The special panel for postal reform and oversight is chaired by Rep. John M. McHugh, R-NY, and reports directly to House Government Reform Committee chairman Tom Davis, R-VA.
Potter said Congress should build upon the five reform principles that President Bush outlined to Congress last year:
· Implement best practices. Ensure that the postal service's governing body is equipped to meet the responsibilities and objectives of an enterprise of its size and scope.
· Transparency. Ensure that information on product costs and performance are measured accurately and made available to the public in a timely manner.
· Flexibility. Ensure that the postal service's governing body and management have the authority to reduce costs, set rates and adjust key aspects of its business.
· Accountability. Ensure that a USPS operating with greater flexibility has appropriate independent oversight to protect consumer welfare and universal mail service.

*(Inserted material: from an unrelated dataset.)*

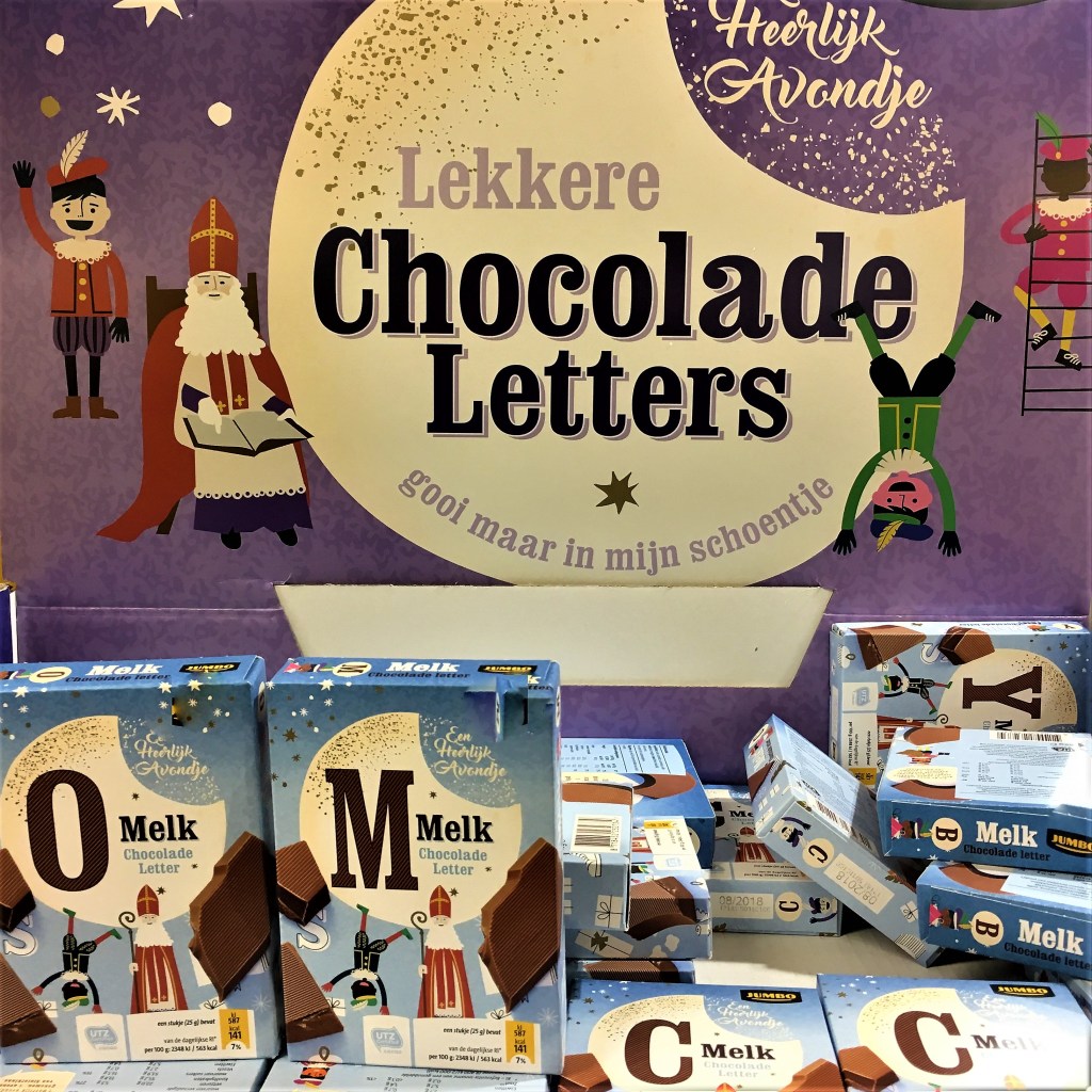 Lang geleden tijdens de Middeleeuwen waren het de kloosterscholen die kinderen leerden schrijven. Dat werd gedaan met letters van brooddeeg die als losse letters tot woorden konden worden gelegd. De beloning voor goede spelresultaten was dat de leerling de letters mocht opeten. Van oorsprong mochten alle arme kindertjes hun schoen in de kerk (15de eeuw) zetten en de rijken vulden die met onder andere snoepgoed. Het resultaat werd onder de kinderen verdeeld op 6 december, de sterfdag van onze Sint. In de 16de eeuw mochten kinderen de schoen in de huiskamer zetten met een wortel voor het paard van Sinterklaas. De ouders wisselden dat om voor snoepgoed, ik kan mij nog die gevulde chocolade kikkers herinneren! Op 5 december werden alle cadeautjes onder een laken gelegd en het bedoelde kind werd aangeduid met een letter van brooddeeg die kon worden opgegeten. Later, rond 1850, werd de banketletter (boterletter) populair tijdens het Sinterklaas feest, een letter gemaakt van bladerdeeg in de letters S (Sinterklaas) en M (Myra, tegenwoordig ook Moeder). Daarna kwamen de chocolade letters (rond 1900) in zwang, deze zijn van het lettertype Egyptienne. De meest verkochte letter is de M omdat het voor Mama en Moeder staat en omdat de prinsessen namen Margriet en Marijke hen intrede deden. En natuurlijk kopen wij als Nederlander de letter M het meest want die lijkt de grootste, maar in gewicht zijn alle letters tegenwoordig het zelfde, niet in oppervlakte natuurlijk!

· Ensure that a USPS operating with greater flexibility is financially self-sufficient, covering all of its obligations.
A sixth principle should be added, Potter said: “a commitment to a strong collective bargaining process.”
He also said that two issues remain regarding last year's Civil Service Retirement System legislation.
One involves shifting from the postal service to the Treasury Department the retirement liability costs of USPS employees' military service before they became postal employees. Potter said that this obligation transferred payment of more than $27 billion from taxpayers to ratepayers.
“We believe these military service obligations should be returned to the Treasury and not be the responsibility of postal ratepayers,” he said.
Further, Potter said, “we propose that the funds required to finance the $27 billion military service costs be allocated to fund our long-term obligation in retiree healthcare benefits, estimated to be between $47 [billion] and $57 billion. We believe it has greater priority than funding military service costs that have no linkage to operating the postal service.”
The other issue involves a part of the CSRS legislation that requires the postal service to put CSRS savings into escrow pending congressional review beginning in fiscal year 2006.
In effect, “in 2006, the requirement could negate the benefits the CSRS legislation made possible by putting postal customers back where they were before the legislation was enacted,” Potter said. “We need to deal with this escrow fund and put it to bed.”
Also speaking at the hearing were Brian C. Roseboro, acting undersecretary for domestic finance at the Treasury Department; George A. Omas, chairman of the Postal Rate Commission; and David M. Walker, comptroller general at the General Accounting Office.
The hearing is the first of three to be conducted by the panel. The next takes place Feb. 5 in Chicago to hear testimony by leaders of postal labor and management groups. On Feb. 11, chief executives of USPS business customers and competitors will testify before the panel in Washington.